Banc of America Securities LLC priced $85.2 million of tax-exempt and taxable excise tax revenue bonds for Glendale, Ariz., in two series. Bonds from a $32.7 million tax-exempt series mature in 2011, and from 2015 through 2022, with term bonds in 2028 and 2032. Yields range from 2.73% with a 3% coupon in 2011 to 4.75% with a 4.5% coupon in 2032. The bonds are callable at par in 2018. The deal also contains a $52.5 million taxable series, which matures in 2018, 2025, and 2033. The bonds are insured by Financial Security Assurance Inc. The underlying credit is rated Aa3 by Moody's and AA-plus by Standard & Poor's.

In economic data released yesterday, initial jobless claims for the week ended May 10 came in at 371,000 after coming in at 365,000 the previous week. Economists polled by IFR Markets had predicted 370,000 initial jobless claims.

Continuing jobless claims for the week ended May 3 came in at 3.060 million, after a revised 3.020 million the prior week. Economists polled by IFR had predicted 3.035 million continuing jobless claims.

The Empire State Manufacturing Survey "indicates that manufacturing activity in New York deteriorated slightly in May," as the general business conditions index slipped back into negative territory, at negative 3.23 in May from a positive 0.63 reading in April. Economists surveyed by IFR had expected the index would be zero.

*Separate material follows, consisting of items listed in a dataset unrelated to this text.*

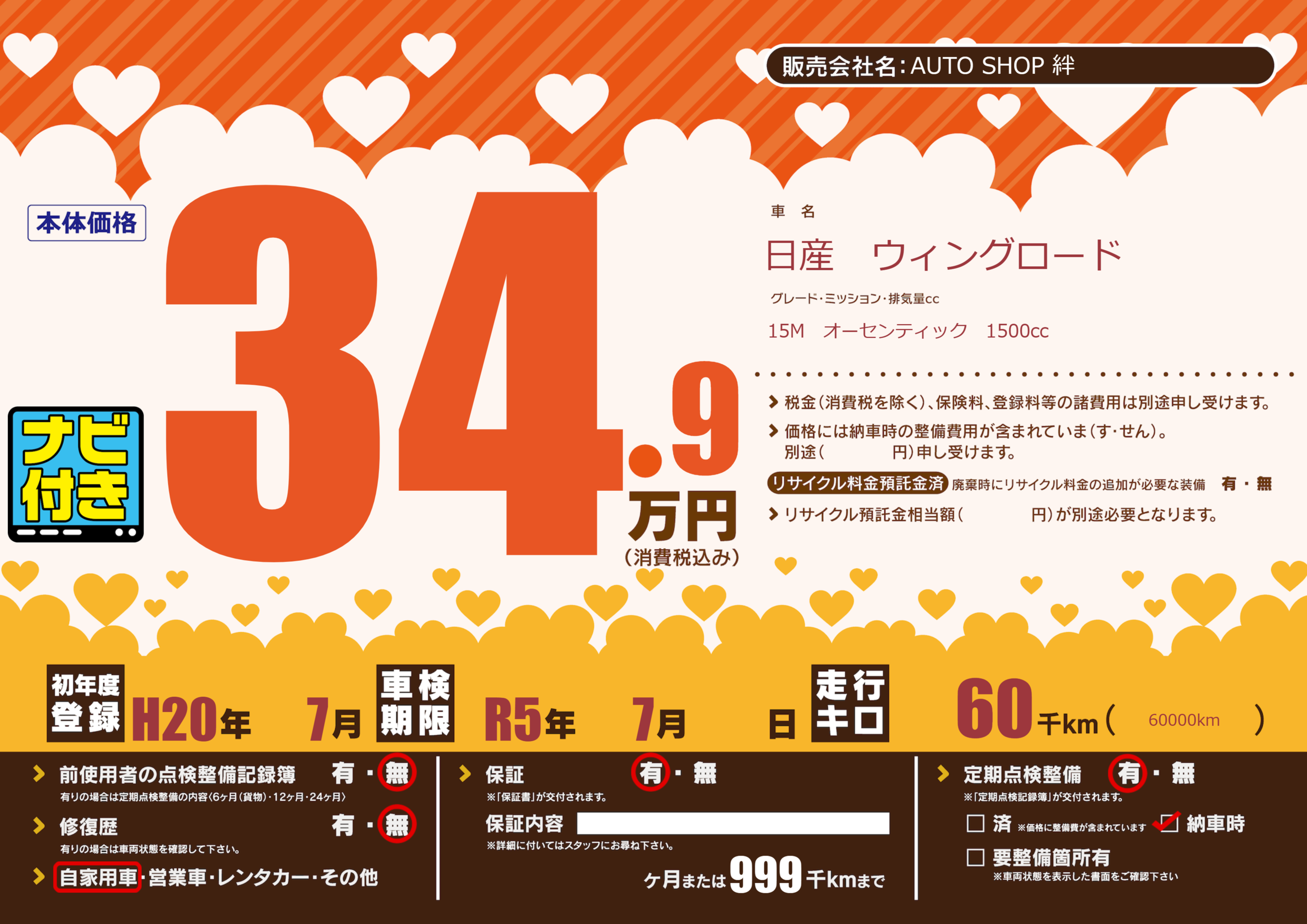 | 車名 | 日産 ウィングロード | グレード ミッション 排気量 |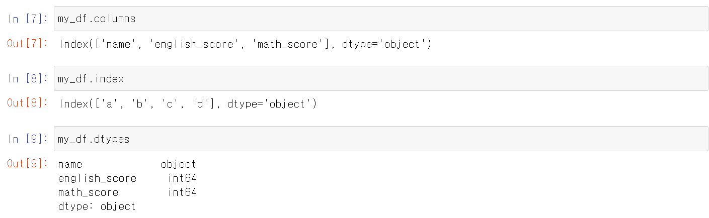 그런데 위의 Data Frame에서 row와 column이 0,1,2로 숫자로 되어있는 것을 확인하실 수 있으신데요, 이것은 따로 설정해주지 않았기 때문입니다. 처음 DataFrame을 만들 때 columns와 index를 사용하여 설정해줄 수 있습니다. 또한 DataFrame의 column(속성)의 type을 dtypes로 출력할 경우 각 column의 자료형은 다를 수도 있는 것을 확인하실 수 있습니다. 여기서 주의할 점은 하나의 column 내의 인자들은 동일한 자료형을 가져야 합니다!
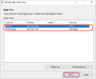 [Aygıt Listesi] öğesinden makineyi seçin ve [Sonraki] öğesine tıklayın.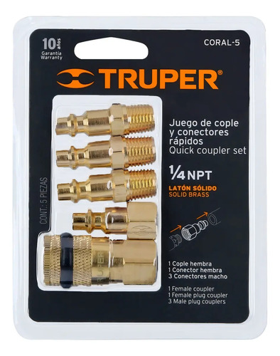 Juego 4 Conectores Y 1 Cople Compresor Aire Truper 19081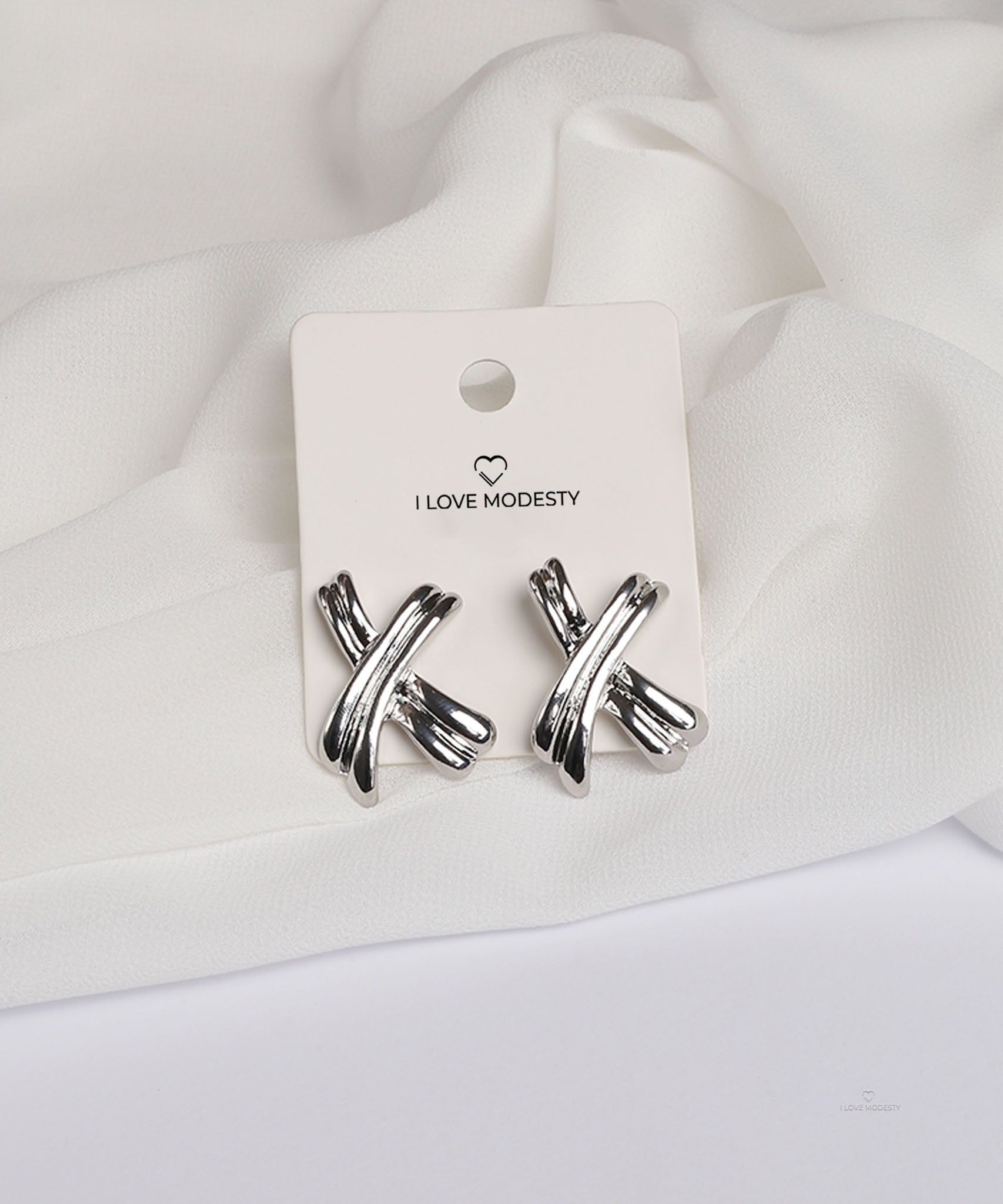 These Silver Abstract Crisscross Earrings feature a high-shine finish and intersecting bands that create a dynamic, contemporary silhouette. Ideal for elevating both everyday outfits and occasion wear.

Industrial production in the nation was down 0.7% in April while capacity utilization fell to 79.7. The drop in production level followed a 0.2% increase in March, while capacity use was 80.4. IFR Markets had forecast a 0.3% decrease in production, and an 80.1% level for capacity utilization.

Also, manufacturing activity in the Federal Reserve Bank of Philadelphia's region "showed continued weakness this month," although the general business conditions index narrowed to negative 15.6 in May from negative 24.9 in April, this month's Report on Business indicates. Economists surveyed by IFR predicted a reading of negative 20.0 for the index.

Today, more economic data will be released. April housing starts and building permits will be released, alongside the preliminary May University of Michigan consumer sentiment index. Economists polled by IFR Markets are predicting 940,000 housing starts, 915,000 building permits, and a 62.5 level for the Michigan sentiment index.